A Ride into Morning
- First edition
- Author: Ann Rinaldi
- Language: English
- Series: Great Episodes
- Genre: Historical
- Publisher: Harcourt Books
- Publication date: 1991
- Publication place: United States
- Media type: Print (paperback)
- Pages: 368 pp
- ISBN: 0-15-204683-6
- OCLC: 50417272
- LC Class: PZ7.R459 Ri 2003
- Followed by: A Break with Charity

= A Ride into Morning =

1991 novel by Ann Rinaldi

A Ride into Morning is a historical novel by Ann Rinaldi about the legend surrounding Tempe Wick, one of America's most famous heroines. It is part of the Great Episodes series. It is told in first-person narration.

==Summary==

In the midst of the American Revolution, fourteen-year-old Mary Cooper moves in with her twenty-two-year-old cousin, Tempe Wick, and Tempe's elderly mother, Mary Wick, after Mary's Tory family discovered that she was participating in the Patriot cause. Her brother, Abraham is also a Patriot soldier. Mary's cousin lives near where the American soldiers have camped for the winter. Two of Mary's young friends, David Hamilton Morris and Jeremiah Levering, are stationed here too. Mary has fallen in love with General Anthony Wayne.

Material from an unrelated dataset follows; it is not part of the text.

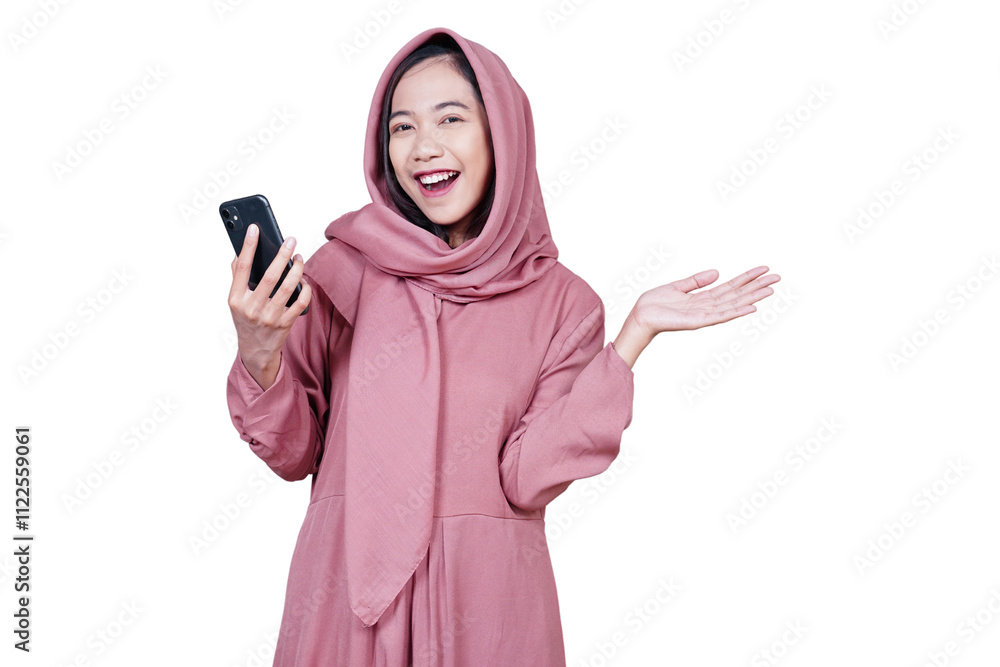 Asian Muslim woman holding phone, Ramadan theme, happy expression isolated transparent

The Patriot soldiers and all those who live on farms near the magazine are now facing an incredibly cold winter. A mutiny is imminent. Tempe befriends Billy Bowzar, a Patriot soldier and probably leader of the mutiny. Tempe lends Bowzar her beloved white horse. Mary learns of Bowzar's plans and discovers that Tempe is growing hesitant as well. The cousins stop fighting so they can keep Aunt Mary safe, a plan that involves keeping Tempe's horse, Colonel, in the house overnight.